The first whiff of the higher things his mind was on came in 1948 when, as was so often the way, Vincent walked into the small room that served as my London office, slumped down into the chair on the other side of the desk, stuck his feet on the tabletop between my heavy in-tray and my impressive collection of coloured inks, and said, “I’m going to inspect something the boffins are working on tomorrow–want to come?”
I laid down the document I’d been working on and steepled my fingers carefully. Usually, business trips with Vincent ended in a severe hangover, a large cheque and an overwhelming sense of déjà vu, but this time the vagueness and lightness with which he described his intentions intrigued me. “Where is this project?”
“Switzerland.”
“You’re going to Switzerland tomorrow?”
“This afternoon, actually,” he replied. “I’m sure I sent you a memo.”
“You haven’t sent me a memo for two years,” I pointed out mildly. “You just do things and wait for me to catch up.”
“And hasn’t it worked brilliantly?” he demanded. “Isn’t it marvellous?”
“What’s in Switzerland?”
“Oh, something they’re working on with heavy water and particles and that stuff. You know I don’t bother with these kinds of things.”
Absolutely I knew he didn’t bother with these kinds of things–he’d gone to great lengths to make it clear how little he bothered with these kinds of things, but now I was utterly fascinated for, as the person who planned nearly every aspect of Vincent’s life from morning to night, Switzerland presented a tantalising glimpse of that Holy Grail–a secret that had been kept from me. I’d spotted holes in Vincent’s schedules, many weeks set aside as “holiday” or “family business” or “wedding”–and how many weddings there’d been–but as I was never required to make travel arrangements for these events I had never known the full details.
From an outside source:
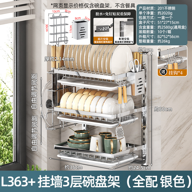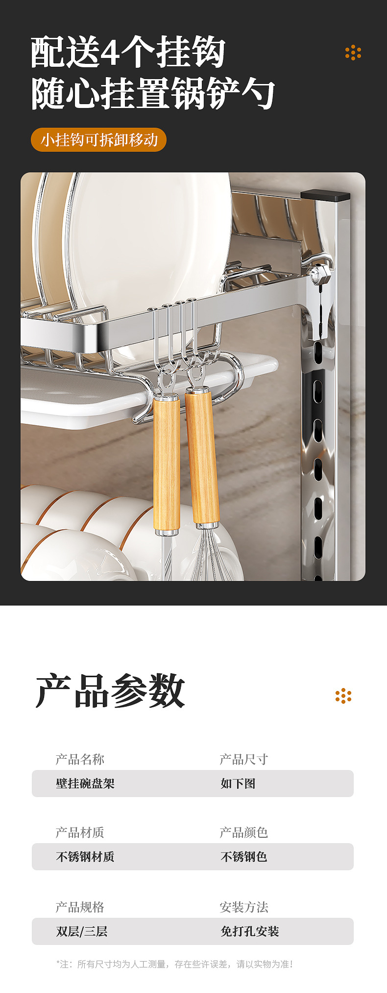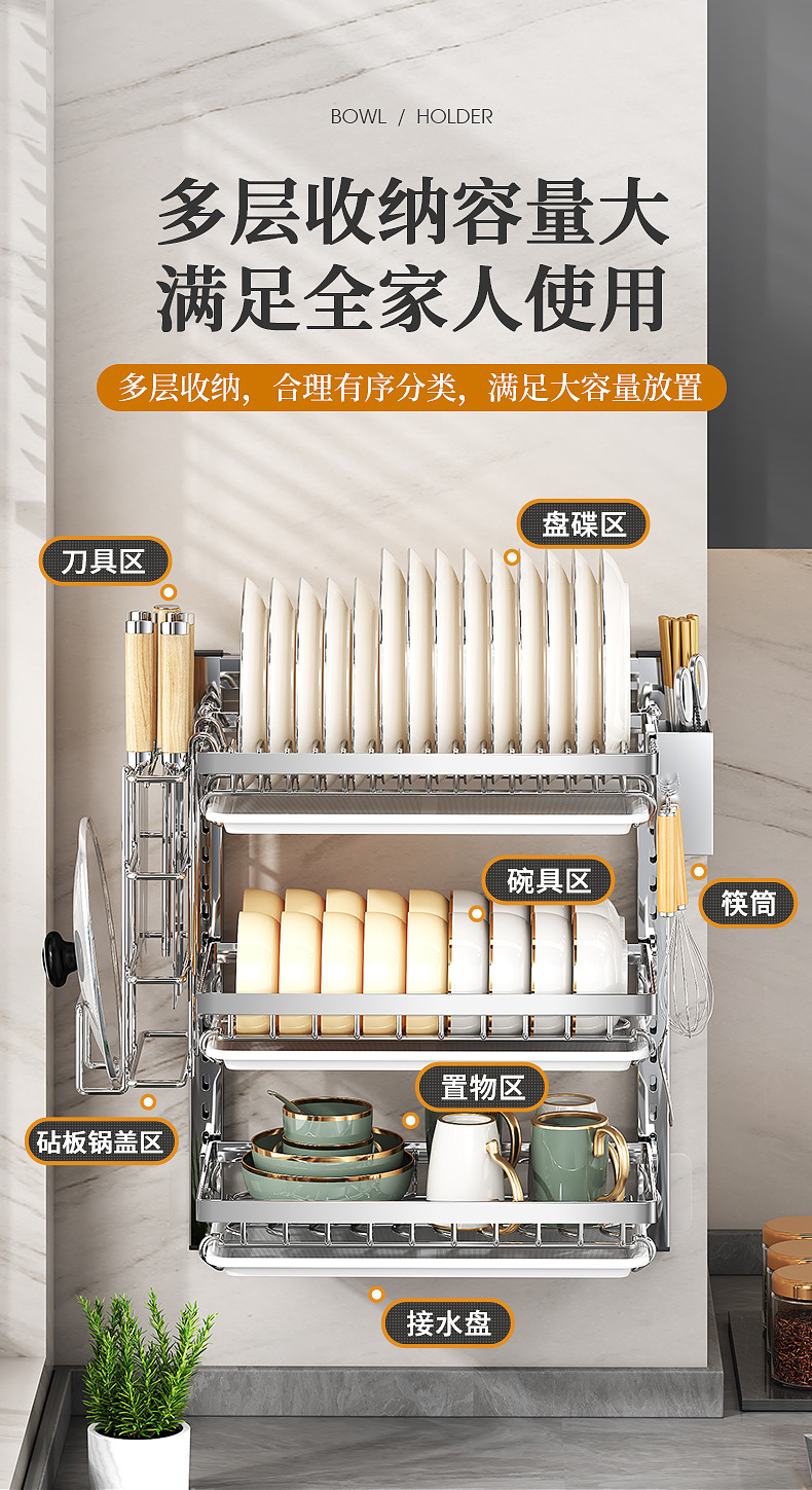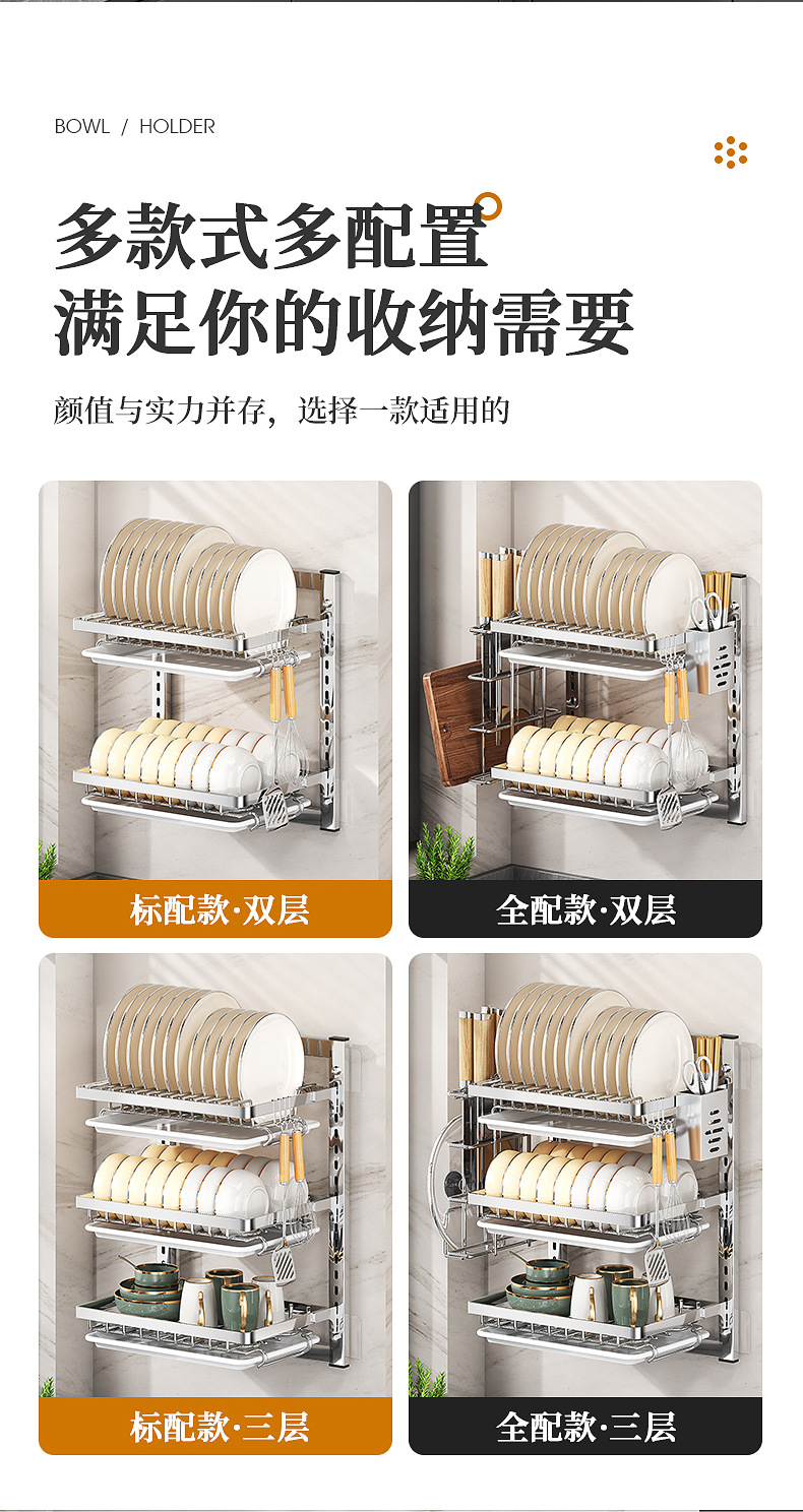 不锈钢厨房置物架壁挂碗碟架刀筷沥水架免打孔晾碗放碗厨房用品

Now, I wondered, was it Switzerland, with its heavy water and particles and that stuff? Was this the black hole into which so much of Vincent’s money had been quietly diverted when he thought I wasn’t looking?
“I don’t think I want to go to Switzerland this afternoon.”
I was so good at lying I barely even had to hear the words I spoke out loud. So good at deceiving and being deceived, I knew already what Vincent’s reply would be.
“Come on, Harry. I know you’re not doing anything.”
“I may have plans with a beautiful young lady interested in my tales of high finance and dirty bars.”
“Philosophically speaking, you may. You may have all sorts of options, you may have herpes, but the fact of the matter is, Harry, in simple empirical terms, you don’t, so stop pissing around and get your hat.”
I stopped pissing around and got my hat and hoped he saw how irritated I was at having to do any of these things.